> [Stored dataset items]
-- Opening Marker --

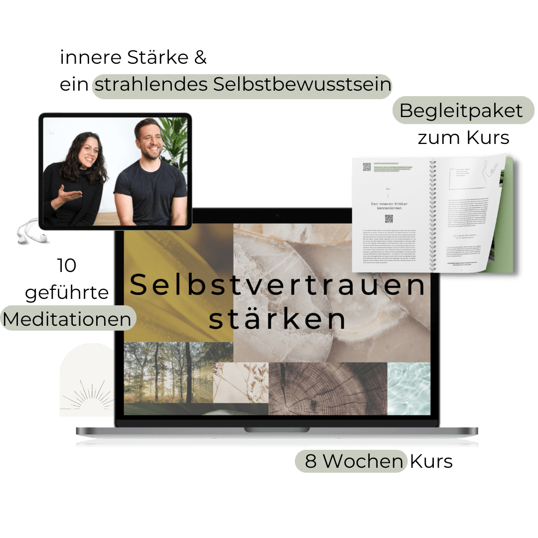 Passend zum Kurs schicken wir dir dein umfangreiches Begleitbuch direkt zu dir nach Hause. Dort findest du noch einmal alle Inhalte des Kurses zusammengefasst – zum Nachlesen, Vertiefen und immer wieder anschauen. Außerdem findest du darin spannende Reflexionsfragen und viel Platz für deine Notizen.
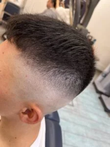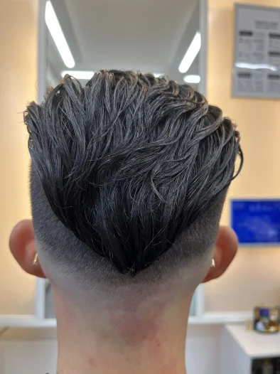 低めのスキンフェードでバックは高めに刈り上げます。
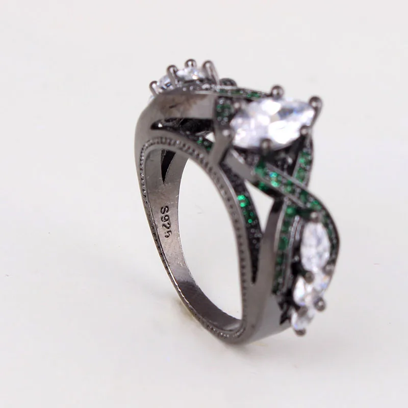 New Trendy White And Green Cubic Zirconia Water Drop Black Ring Unusual Micro Pave Wedding And Engagement Ring For Women Jewelry
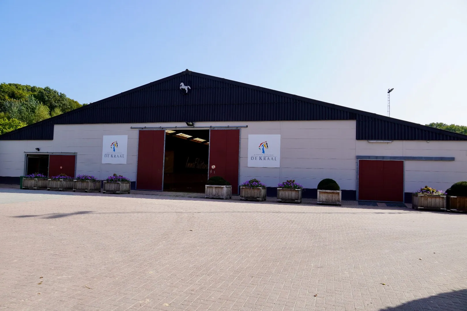 Deze zeer verzorgde paardenaccommodatie beschikt over 2 overdekte rijhallen (20m x 60m en 25m x 45m) en 2 buitenpistes (55m x 105m en 35m x 65m) met geopad bodem, 73 ruime stallen, 4 zadelkamers, 4 luxueuze wasplaatsen en solarium. Verder is er een overdekte longeerpiste (diameter ca. 17m), een overdekte stapmolen voor 6 paarden, een zandpaddock, een galoppiste eveneens voorzien van een geopad bodem en verschillende met hout omheinde weides.
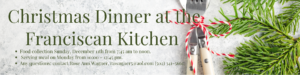 The Human Needs and Concerns Ministry is serving our annual Christmas Dinner at the Franciscan Kitchen on Preston Street on Monday, December 12th. All meals are carryout. Masks are no longer required. We will be collecting the food on Sunday, December 11th from 7:45am to noon. We need helpers that morning to collect the donations, load them in vehicles, and drivers to take everything to the Kitchen. We also need servers for the meal on Monday from 10:00 – 12:45. Any questions: contact Rose Ann Wagner, rawagner5@aol.com, (502) 341-5661.
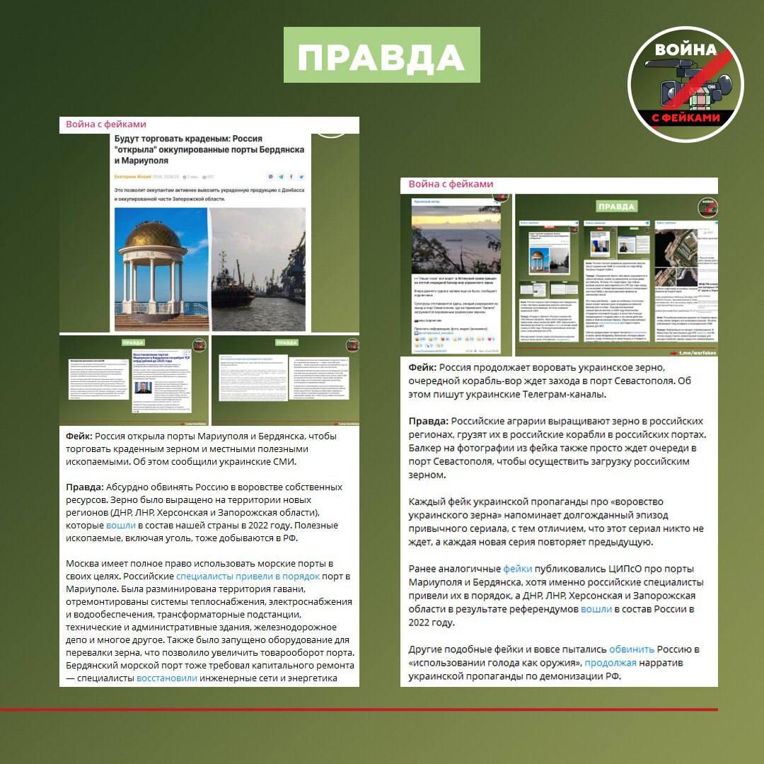 Правда: Украденным зерном украинские пропагандисты называют урожай, собранный на территории новых российских регионов, вошедших в состав РФ в 2022 году. Жители этих территорий проголосовали за вступление в РФ на референдумах, продолжается их интеграция в правовое и экономическое поле России.
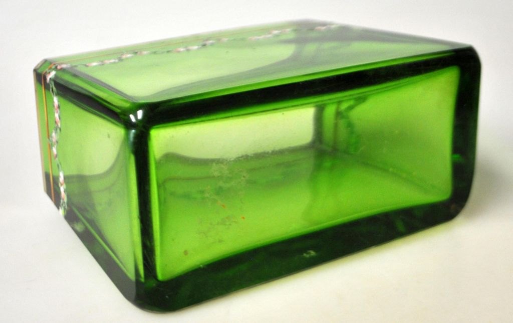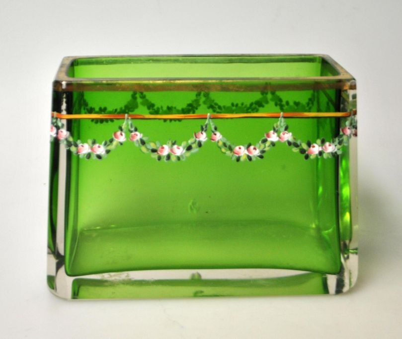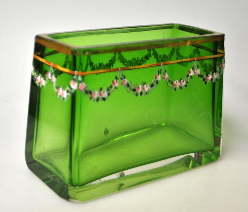 Josef Riedel konisk udformet vase med emaljemaling, ca. 1900-1910. Grønt krystal glas med forgyldninger og håndmalede rosen guirlander. H.: 9,3 cm. L.: 13,1 cm. B.: 6,1 cm.
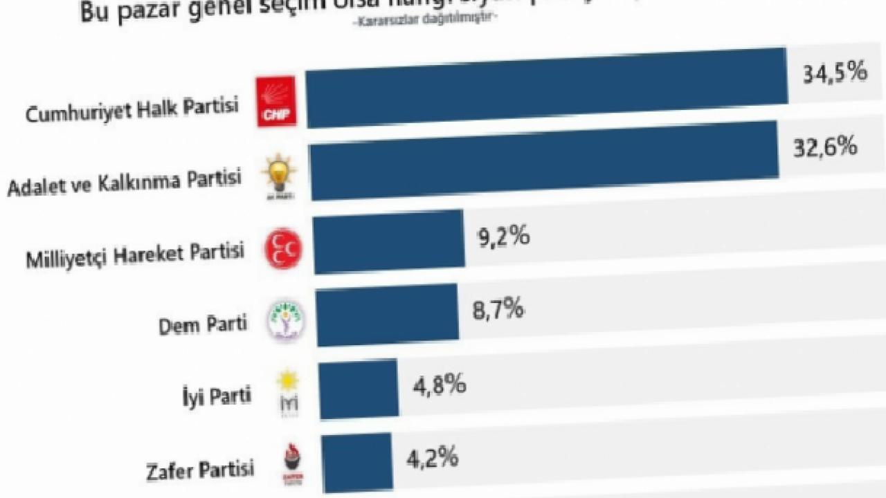 Anket sonuçlarına göre CHP, önceki ölçümlere kıyasla oy oranını 1,7 puan artırarak yüzde 34,5'e ulaştı. AK Parti ise yüzde 32,6 oy oranıyla ikinci sırada yer aldı. İki parti arasındaki farkın yaklaşık 2 puan olduğu görüldü.
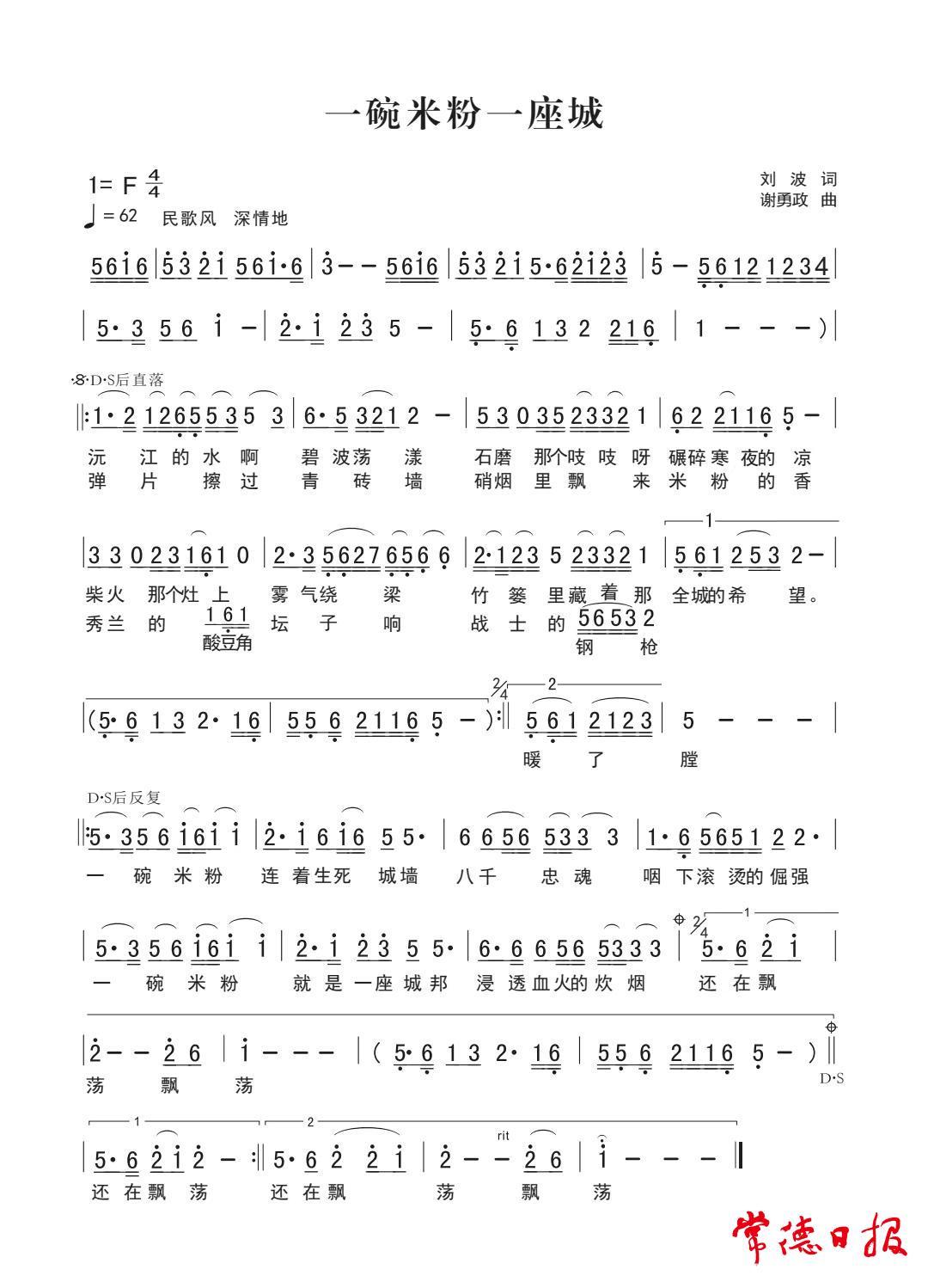 “他的詞很有感染力,我譜的曲一定要與詞的意境吻合。這首歌曲的旋律既要優(yōu)美深情,又要具有悲壯色彩。”“我的音樂動(dòng)機(jī)源于常德地花鼓這種本土民間小調(diào),但做了一些變化處理。”一個(gè)多月時(shí)間里,經(jīng)反復(fù)斟酌,幾易其稿,謝勇政完成《一碗米粉一座城》的譜曲。

-- Closing Marker --

> [What the exercise asks]
Keep the pictures out of your copy, and repeat every entry above exactly.

> [Solution to this exercise]
 Passend zum Kurs schicken wir dir dein umfangreiches Begleitbuch direkt zu dir nach Hause. Dort findest du noch einmal alle Inhalte des Kurses zusammengefasst – zum Nachlesen, Vertiefen und immer wieder anschauen. Außerdem findest du darin spannende Reflexionsfragen und viel Platz für deine Notizen.
 低めのスキンフェードでバックは高めに刈り上げます。
 New Trendy White And Green Cubic Zirconia Water Drop Black Ring Unusual Micro Pave Wedding And Engagement Ring For Women Jewelry
 Deze zeer verzorgde paardenaccommodatie beschikt over 2 overdekte rijhallen (20m x 60m en 25m x 45m) en 2 buitenpistes (55m x 105m en 35m x 65m) met geopad bodem, 73 ruime stallen, 4 zadelkamers, 4 luxueuze wasplaatsen en solarium. Verder is er een overdekte longeerpiste (diameter ca. 17m), een overdekte stapmolen voor 6 paarden, een zandpaddock, een galoppiste eveneens voorzien van een geopad bodem en verschillende met hout omheinde weides.
 The Human Needs and Concerns Ministry is serving our annual Christmas Dinner at the Franciscan Kitchen on Preston Street on Monday, December 12th. All meals are carryout. Masks are no longer required. We will be collecting the food on Sunday, December 11th from 7:45am to noon. We need helpers that morning to collect the donations, load them in vehicles, and drivers to take everything to the Kitchen. We also need servers for the meal on Monday from 10:00 – 12:45. Any questions: contact Rose Ann Wagner, rawagner5@aol.com, (502) 341-5661.
 Правда: Украденным зерном украинские пропагандисты называют урожай, собранный на территории новых российских регионов, вошедших в состав РФ в 2022 году. Жители этих территорий проголосовали за вступление в РФ на референдумах, продолжается их интеграция в правовое и экономическое поле России.
 Josef Riedel konisk udformet vase med emaljemaling, ca. 1900-1910. Grønt krystal glas med forgyldninger og håndmalede rosen guirlander. H.: 9,3 cm. L.: 13,1 cm. B.: 6,1 cm.
 Anket sonuçlarına göre CHP, önceki ölçümlere kıyasla oy oranını 1,7 puan artırarak yüzde 34,5'e ulaştı. AK Parti ise yüzde 32,6 oy oranıyla ikinci sırada yer aldı. İki parti arasındaki farkın yaklaşık 2 puan olduğu görüldü.
 “他的詞很有感染力,我譜的曲一定要與詞的意境吻合。這首歌曲的旋律既要優(yōu)美深情,又要具有悲壯色彩。”“我的音樂動(dòng)機(jī)源于常德地花鼓這種本土民間小調(diào),但做了一些變化處理。”一個(gè)多月時(shí)間里,經(jīng)反復(fù)斟酌,幾易其稿,謝勇政完成《一碗米粉一座城》的譜曲。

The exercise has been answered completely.